Its sound meant trouble, and I was not ready for trouble, nor did I believe I ever would be. Although I had been assigned to the ER for more than a month, and had been an intern for almost half a year now, my most prevalent emotional state was still one of fear. Fear that I would be presented with a problem I couldn't handle and would screw it up. Ironically, I had been plunged into this new environment, one that demanded radically different medical choices, just when I was beginning to develop a certain degree of confidence on the wards and in the OR. Except for a group of highly capable nurses, I was on my own in the ER, solely responsible for what happened. It was not so bad during the day, when other doctors were around — the house staff was only a few seconds away — but at night five minutes, maybe even ten, might pass before anyone else from the house staff arrived. So things could be crucial. Sometimes my hand was forced.
Even the schedule in the ER was different. On duty twenty-four hours, off twenty-four. That doesn't sound so bad until you do it for a solid week. If your work week starts at eight on Sunday morning, by eight Wednesday morning you have already worked forty-eight hours, with another forty-eight to go. The result is that after two weeks your system is in total rebellion: you have headaches, loose bowels, and a slight tremor. The human body is geared to work only so long and then sleep, not go for twenty-four hours straight. Most organs of the body, particularly the glands, must rest; their function actually changes in a time-honored way over a twenty-four-hour period, whether the whole body sleeps or not. So after sixteen hours on duty your glands have more or less gone to sleep, but the same decisions are there to be made, with the same consequences. Life is no sturdier at 4:00 a.m. than it is at 12:00 noon. In fact, some studies suggest that it is frailer. Your patience hardly exists, everything is a struggle, the slightest hindrance becomes a major irritation….
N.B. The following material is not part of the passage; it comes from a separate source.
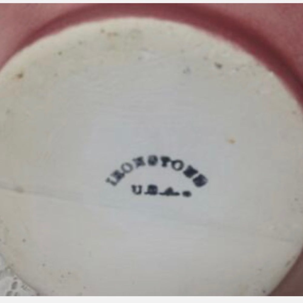 This is a beautiful, large set of pitcher and washbowl. The pitcher is decorated with floral decoration and the washbowl is decorated with a fleur de liz symbol. The Pitcher measures 12 inches high, 10 inches wide with handle and the body is about 9 inches in diameter. It is in very good vintage condition as shown in photos. Both Pitcher and Washbowl is marked: Ironstone, USA. Package weight is about 16 lbs.
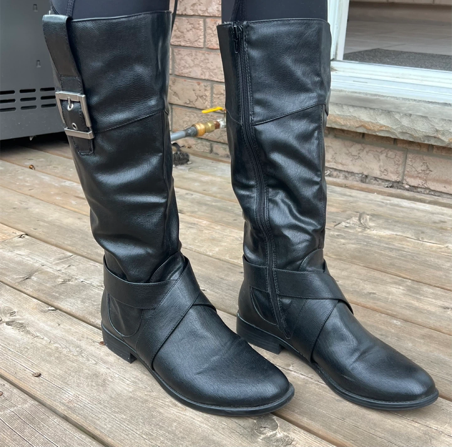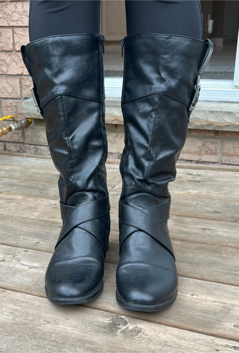 Selling a pair of black knee-high boots! They feature a stylish buckle detail and a comfortable fit. Perfect for adding a touch of chic to your wardrobe. Check them out!

The siren approached, very near now. I listened hopefully for the end of the build-up and the receding Doppler effect that we occasionally got as an ambulance sped off to one of the smaller hospitals nearby. Not this time. I couldn't see it, but I could tell from the way the siren suddenly trailed off that it had entered the hospital grounds. Within seconds it was backing up toward the landing, and I was there to greet it.
Through the small rear windows I could make out the chaotic resuscitation efforts of the ambulance crew. One of the attendants was giving closed-chest cardiac massage by compressing the patient's breastbone; another was trying vainly to keep an oxygen mask on the face. As the ambulance stopped I reached out and twisted open the door. A few passers-by paused and looked over their shoulders. To them the event was closed. The ambulance had arrived, the doctor was waiting with an assortment of strange and miraculous instruments at hand, all was saved. For me it was just the beginning. I was glad that no one could see into my mind as I tried to prepare for what was to come.
"Bring him inside to Room A," I yelled to the crew as they slowed their resuscitative efforts. I helped lift the stretcher out and roll it fast through the short hallway, asking how long it had been since the patient had made any respiratory attempts, any sign of movement or life.
"He hasn't, and we got to him about ten minutes ago."
He was a bearded man of about fifty, and so large it took all of us to lift him onto the examining table. Seconds stretched into what felt like hours as the necessity for making a decision drilled into me — the kind of decision that isn't much discussed outside hospitals. I must either call a cardiac arrest or declare this simply a case of DOA — dead on arrival. Surely it was unfair to demand such a decision based on what I could remember from a textbook! Still, it had to be made, and made fast.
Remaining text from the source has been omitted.